2024-06-30 10:44:06 ET
Summary
- ServiceNow reported its Q1 FY24 earnings, where revenue and earnings exceeded expectations, driven by strength in Net New ACV as well as deepening adoption among its existing customer base.
- The company grew its customers with over $1M+ in ACB by 14.5% YoY as it sees growing adoption of its genAI products as companies unlock business value across use cases.
- On its Investor Day, management outlined that it expects Subscription Revenue to grow 20% YoY annually until FY26, while its non-GAAP operating margin expands by 100 bps to 31%.

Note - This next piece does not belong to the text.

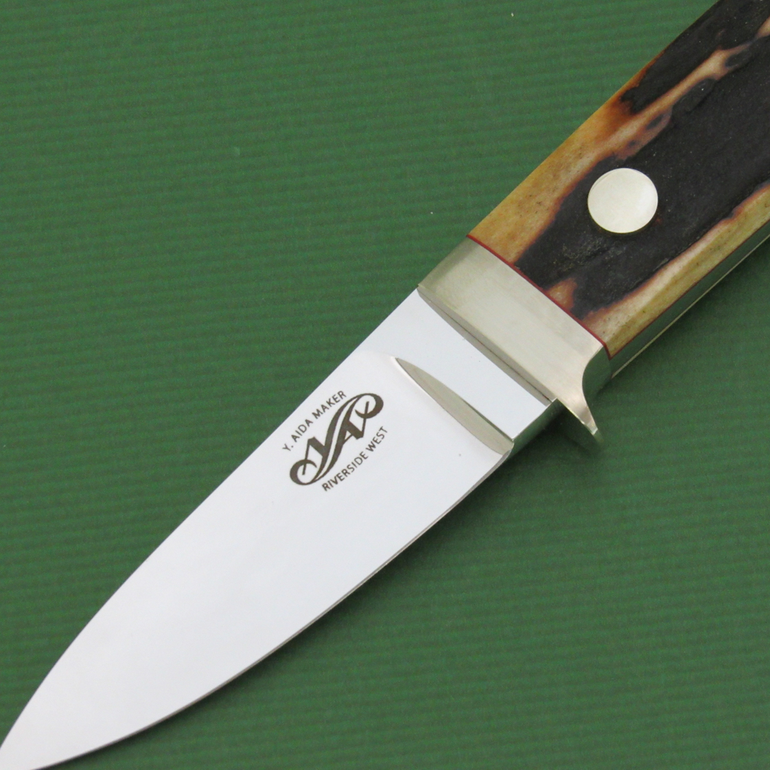 ATS-34鋼(ミラー仕上げ) / アンバースタッグハンドル /ニッケルシルバー・ヒルト / レッドスペーサー刃長75mm / 柄長95mm / 刃厚4.0mm / 重量113g

- Although the company is well-positioned to win long-term, I believe its near term valuation has fully priced in its future growth prospects, leaving little room for substantial upside, making it a “hold."

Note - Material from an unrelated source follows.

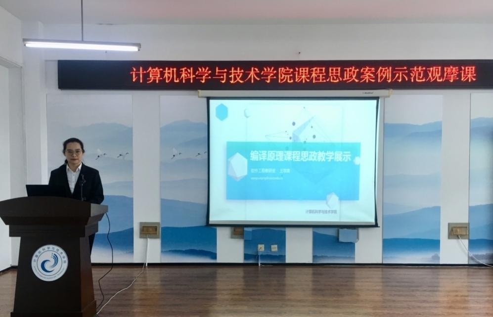 然后,2021年我校教师课程思政能力大赛获奖教师王翠青作示范观摩课。她以编译原理课程为例,从词义分析、语法分析、中间代码优化、编译程序发展历程等方面分享了思政元素的发掘方法,通过案例教学、微课视频、课后小组讨论等教学方法,融入人文因素和情感因素,增强专业课教学的吸引力,提升学生学习的兴趣。

Introduction & Investment Thesis
ServiceNow ( NOW ) is an end-to-end workflow automation platform for enterprises that has slightly underperformed the S&P 500 and Nasdaq 100 this year. I initiated a “hold” rating on the stock before its earnings, with my thesis predicated on the belief that the stock’s price seemed to have fully priced in management’s forward guidance even though the company has strong underlying fundamentals. While the stock dropped more than 11% after I issued my rating, it has since climbed and is currently up 8.77% since the time of my writing, outperforming the S&P 500....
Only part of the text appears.